2019 General Assembly - Abide In Me John 15:1-5


Recently, as my grandson and I shared a bowl of grapes and I thought back a few weeks when approximately 3,300 Disciples gathered to celebrate our life together at the 2019 General Assembly of the Christian Church (Disciples of Christ) in the United States and Canada. The preaching was challenging and inspiring, the music was spirit-filled and uplifting, the workshops and meals functions fed us in many ways. Resolutions, sense-of-the-assembly, general unit reports and “speak outs” added to a fuller understanding of who we are as a collective.  


Abide in Me, was the theme, based on John 15:1-5. Rich and varied interpretations of the passage was explored.  We reviewed our first 50 years of living with “The Design” and looked back at the significance of the “Merger Agreement” 50 years later. To learn more about “The Design” and “Merger Agreement,” refer to our denominational website, Christian Church (Disciples of Christ).


Before Sunday morning (August 4, 2019), I was going to review some highlights of John 15:1-5. If you’ve read the passage you know - Jesus is the true vine and God the vine grower. God will remove branches connected to Jesus that do not bear fruit; those that bear fruit God prunes, so that they may bear more fruit. The passage points to our covenant with Jesus, the Son and God the Parent, the Creator, the Giver of Life. With this image of a vineyard, Jesus urges, “abide in me as I abide in you” (John 15:4). Abide is the heart of the passage calling for the branches to remain with Jesus, called to follow and remain, just as God has promised to remain with us.


This passage does more than call us to remain with the Holy, with the promise that we as branches will bear fruit. It also calls us to stand by each other; to remain steadfast with one another. If you google vineyard images, you can see how the vintner has connected the branches, one plant to another, stretching for miles. No one plant that is intended to produce good fruit stands alone. The gift of life from the true vine and the vine grower, is intensified and energized when we embrace one another, when we stand with each other in joy and grief; when we advocate and protest on behalf of one another - the poor, the immigrant, the discarded among us. Apart from the true vine we can do nothing; and connected, branch to branch, we can do so much more.

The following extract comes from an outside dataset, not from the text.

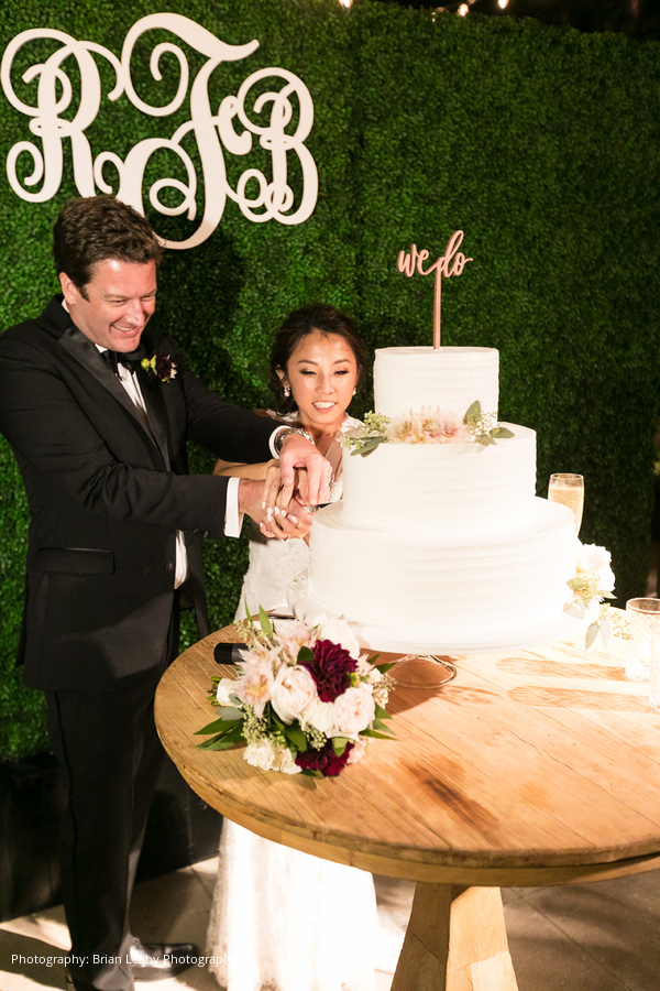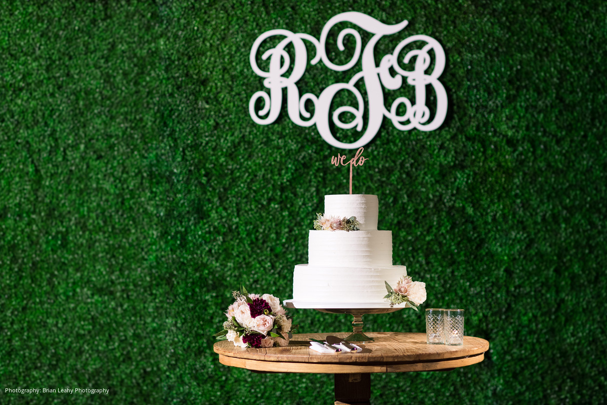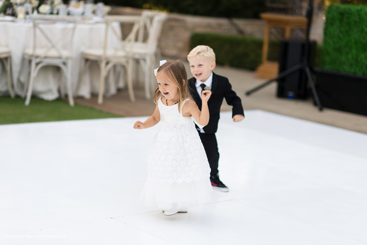 The ceremony was officiated by Brian’s uncle (who also married his father and stepmom), and a cocktail reception followed. For the reception, the bar, stage, and dance floor setup was laid out in a concert-like design, prompting guests to fill the dance floor before dinner was served. Guests enjoyed a menu of filet mignon, sea bass, and wine that was brought in by a renowned vintner who was in attendance. After the newlyweds’ first dance and a lineup of hilarious and loving toasts, the dance floor erupted for the rest of the night.

The grief I hold today for the 80 plus wounded and killed over a 13-hour period in El Paso, Texas and Dayton, Ohio over the weekend, is not grief I hold alone.  It is heartbreak and sorrow that I also share with my grandson, like those grapes and the sweet fruit we shared at GA. I share with him my righteous anger and a commitment to a new generation to search for ways to move beyond the “thoughts and prayers.” What might I do as one who seeks to be a branch who bears good fruit in witness to the presence of Jesus and the Vine grower in our life together? What might we do together to make this a safer place for over the next 50 years?


Written by Belva Brown Jordan

Associate Dean Claremont School of Theology

Dean Disciples Seminary Foundation Claremont

Moderator of the Christian Church (Disciples of Christ)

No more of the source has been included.